------ SOURCE MATERIAL

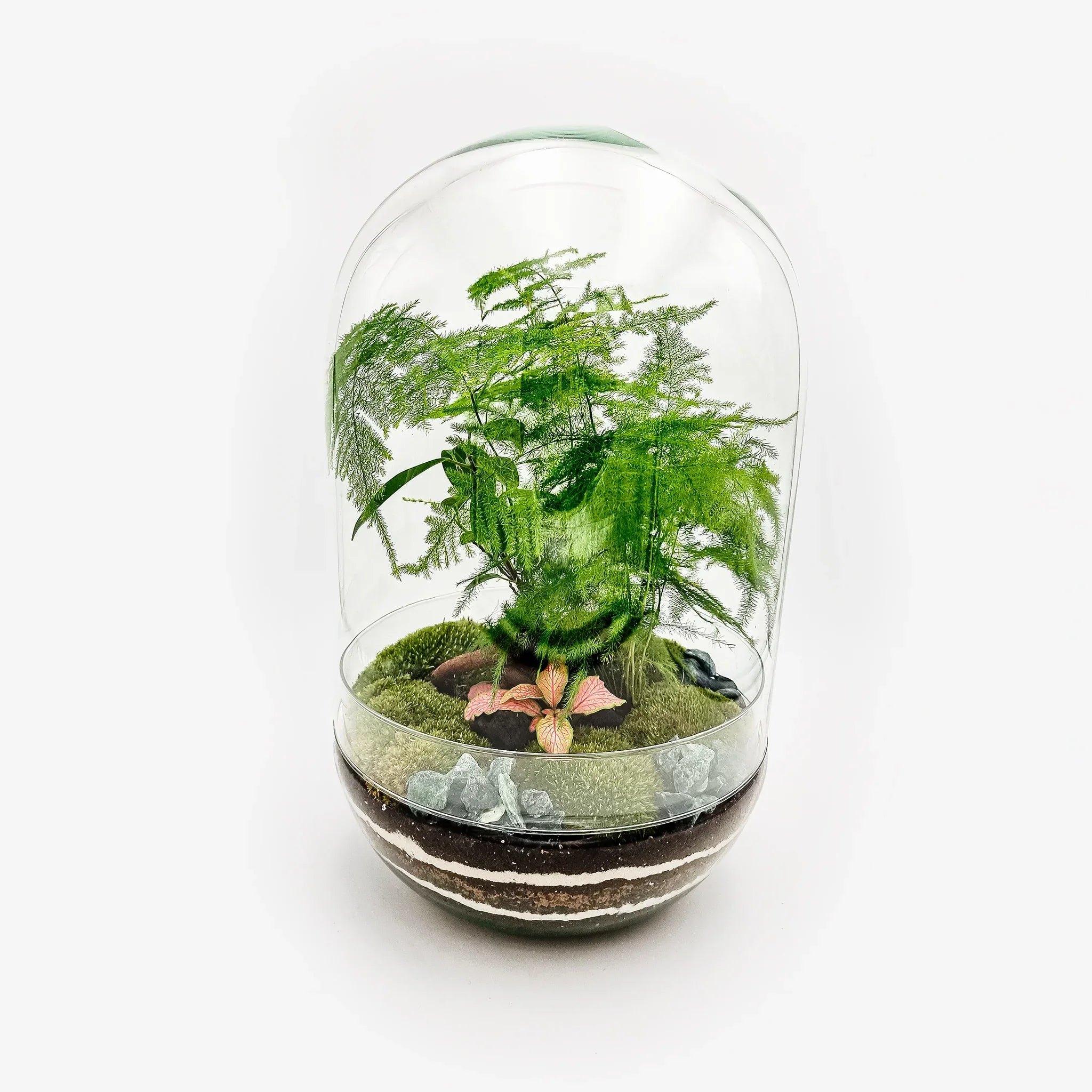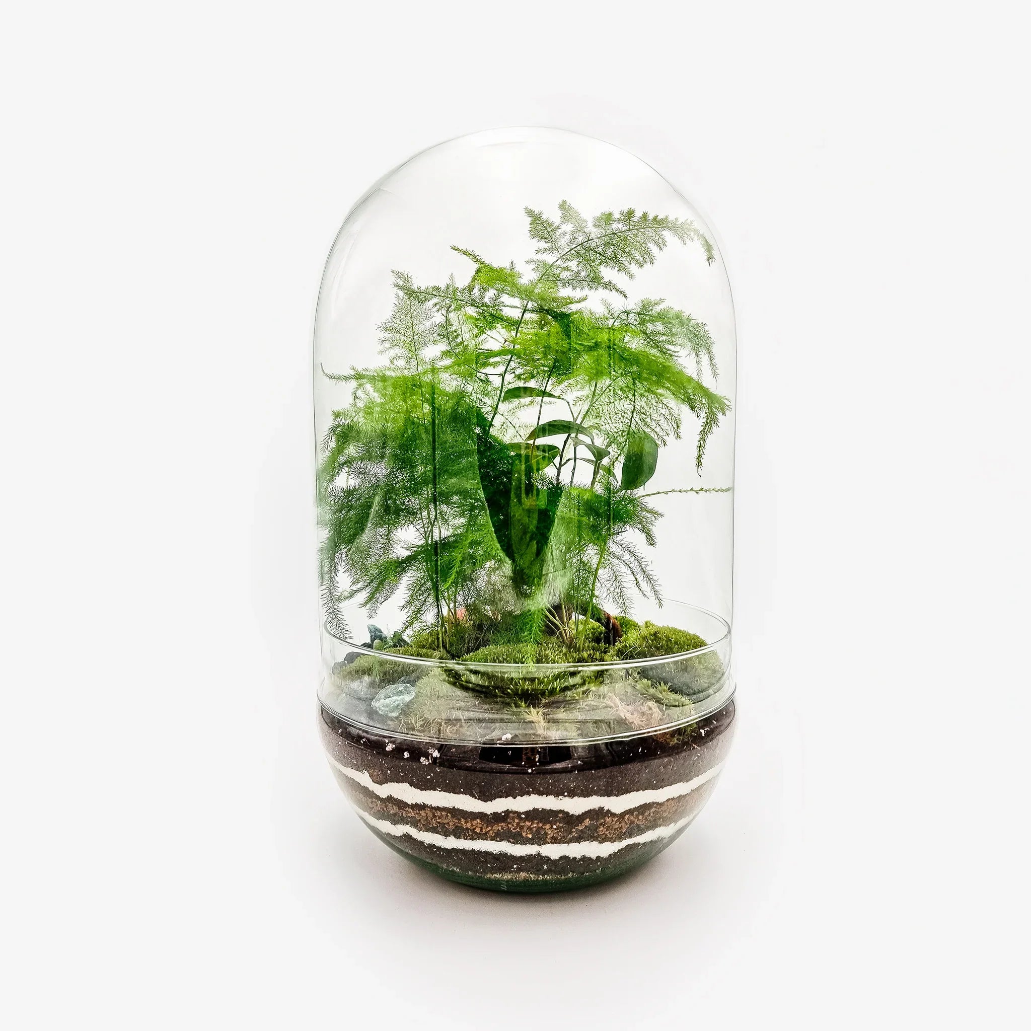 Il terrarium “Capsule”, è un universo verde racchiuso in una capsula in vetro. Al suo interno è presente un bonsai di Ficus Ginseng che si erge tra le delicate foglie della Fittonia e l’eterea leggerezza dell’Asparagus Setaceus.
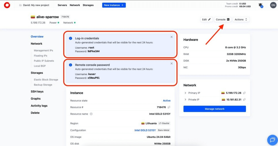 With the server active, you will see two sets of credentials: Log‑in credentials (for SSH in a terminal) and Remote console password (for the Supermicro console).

------------
------ SOURCE MATERIAL

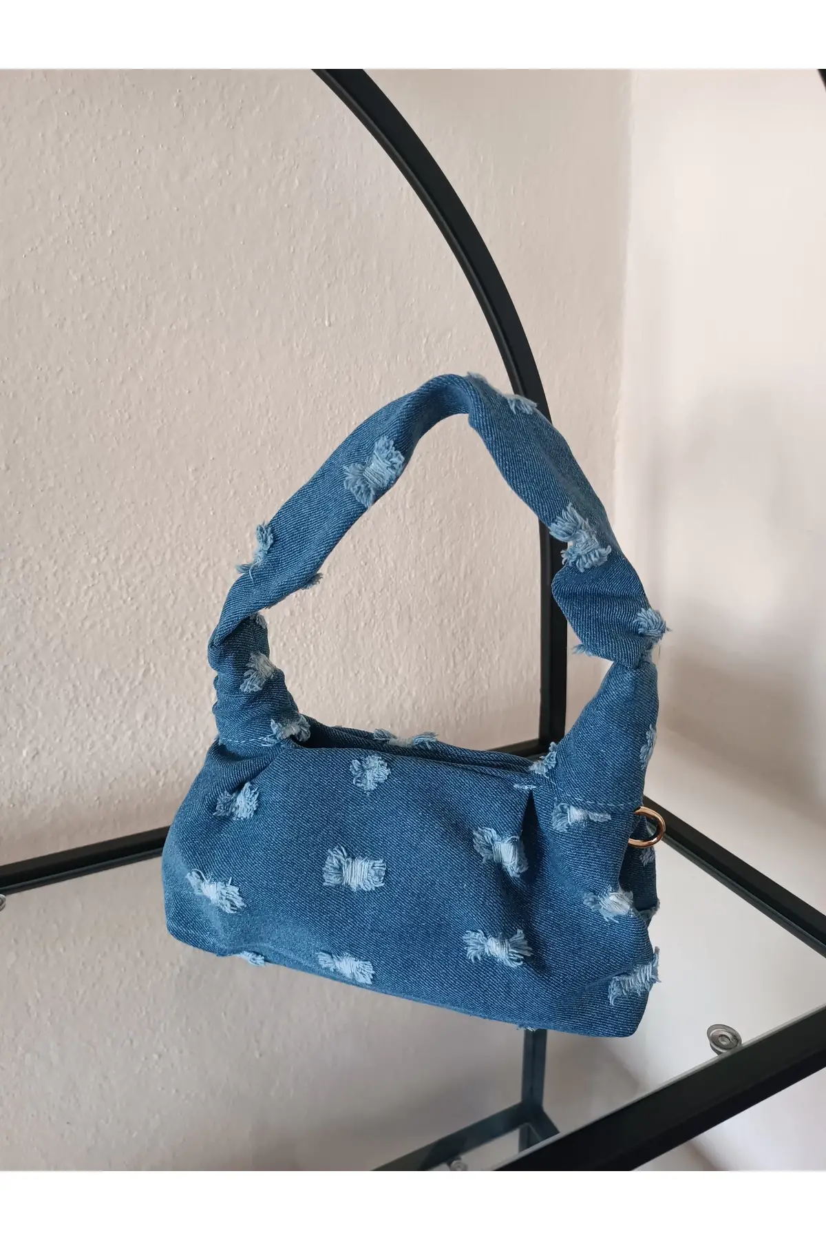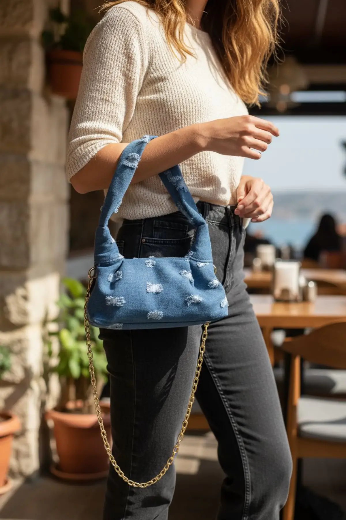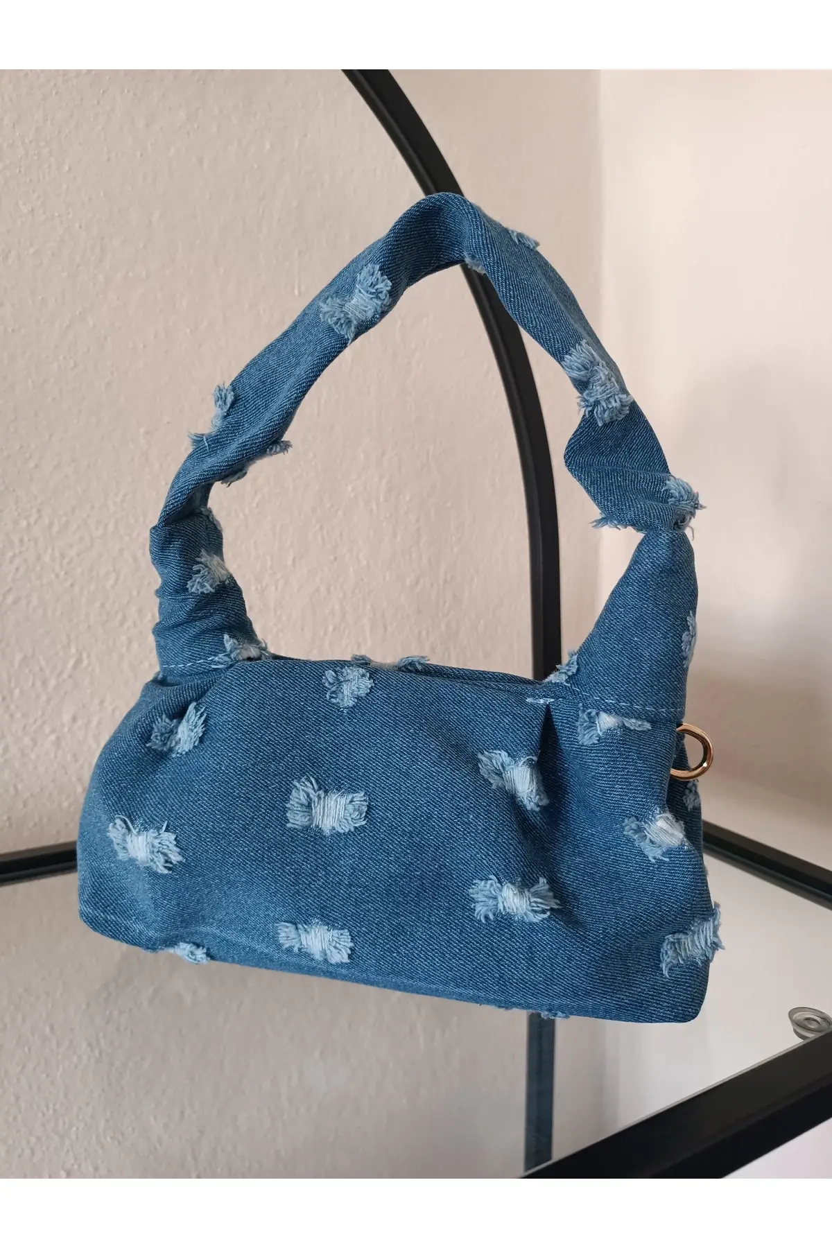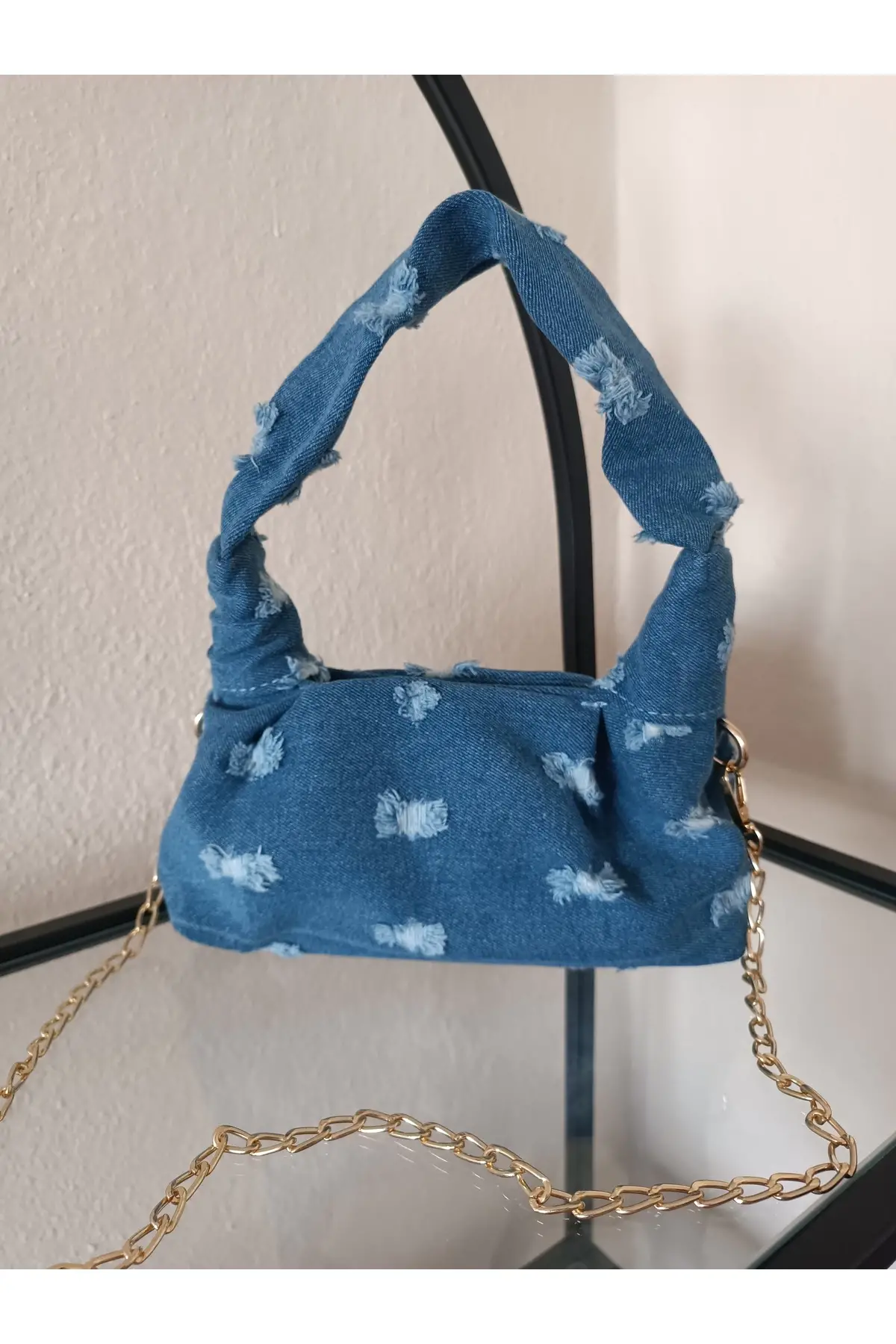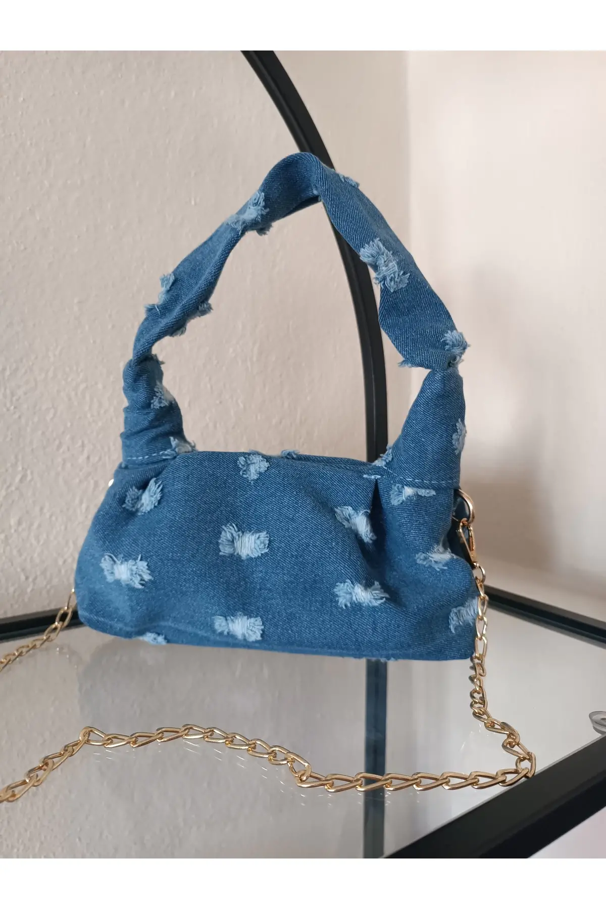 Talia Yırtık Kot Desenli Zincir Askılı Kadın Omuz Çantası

------------

> WHAT THE EXERCISE ASKS: The answer is the lines above from the one with "leggerezza dell’Asparagus Setaceus." to the one with "With the server", set down exactly, with no pictures.

> RESPONSE TO THIS TASK:
 Il terrarium “Capsule”, è un universo verde racchiuso in una capsula in vetro. Al suo interno è presente un bonsai di Ficus Ginseng che si erge tra le delicate foglie della Fittonia e l’eterea leggerezza dell’Asparagus Setaceus.
 With the server active, you will see two sets of credentials: Log‑in credentials (for SSH in a terminal) and Remote console password (for the Supermicro console).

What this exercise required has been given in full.